Овцы - Магинн Саймон. Страница 7
Пока отец говорил, Льюин смотрел на его руки. Отец старался, чтобы его голос звучал уверенно и четко. Беспокоиться не о чем, всего лишь червяк. Червяк живет в яйце, которое лежит в земле. Он ест мозги у овец, когда они еще живы, и заставляет их танцевать, падать с обрыва и разбиваться на куски. Только и всего.
— Мистер Эстли говорит, что люди этим заразиться не могут, червяк не может жить в человеке, только в овце. Так что тебе не о чем беспокоиться.
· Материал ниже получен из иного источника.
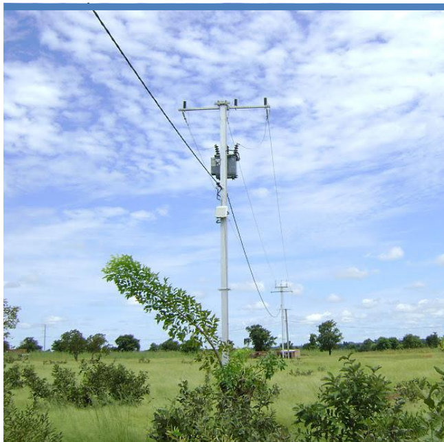
Benin Burkina Faso WAPP 9 ACP RPR 49-39

DE LA FACILITE ENERGIE ACP-UE DANS LE 10 ÈME FED !
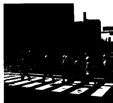
荏原3丁目町会では避難誘導ルートを検証

【荏原3丁目町会】 荏原3丁目町会は、3月13日（日）に災害時要援護者避難誘導ワークショップを開催。3月13日（日）に荏原3丁目町会、荏原4丁目町会、西中延自治会、東中延1丁目町会、平塚1丁目南部町会（いずれも荏原第三地域センター管内）から総勢20名が参加。
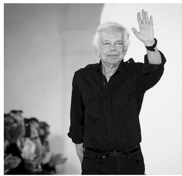
Ο 75χρονος Αμερικανός σχεδιαστής είχε ξεκινήσει την πορεία του στον χώρο της μόδας ως σχεδιαστής γραβατών.

Νέος επικεφαλής του ομίλου υψηλής ραπτικής ο Στέφαν Λάρσον, ο οποίος έχει εργαστεί στην H&M

Отец посмотрел на него. Он хотел, чтобы Льюин ему верил. Льюин вспомнил, каким жалобным был голос отца несколько часов назад, когда он спрашивал ветеринара: «Почему они сделали это, мистер Эстли?» Мальчик выкинул эту мысль из головы, но потом она вернулась.
— Хорошо, — сказал он.
— А завтра мы пойдем, достанем древесины и поставим столбы.
— Хорошо.
Льюин радовался, что отец разговаривал с ним так долго и так серьезно. Будет здорово помогать ему ставить столбы от вертячки, работать с ним рядом. Он постарался выкинуть из головы отвратительного, лениво переворачивающегося червя. Но ночью Льюин снова начал плакать, пытаясь заткнуть рыдания и всхлипы подушкой.
На следующий день пришла Дилайс. Отец Льюина рассказал ей о визите ветеринара и о черве, частично умолчав о том, что случилось с Льюином. Льюин сиял от удовольствия и чувства сопричастности, а когда Дилайс хотела выразить ему свои понимание и сочувствие, он вывернулся и сказал, что ему надо идти помогать отцу ставить забор.
— Льюин, с тобой все в порядке? — спросила она, удержав его на расстоянии вытянутой руки.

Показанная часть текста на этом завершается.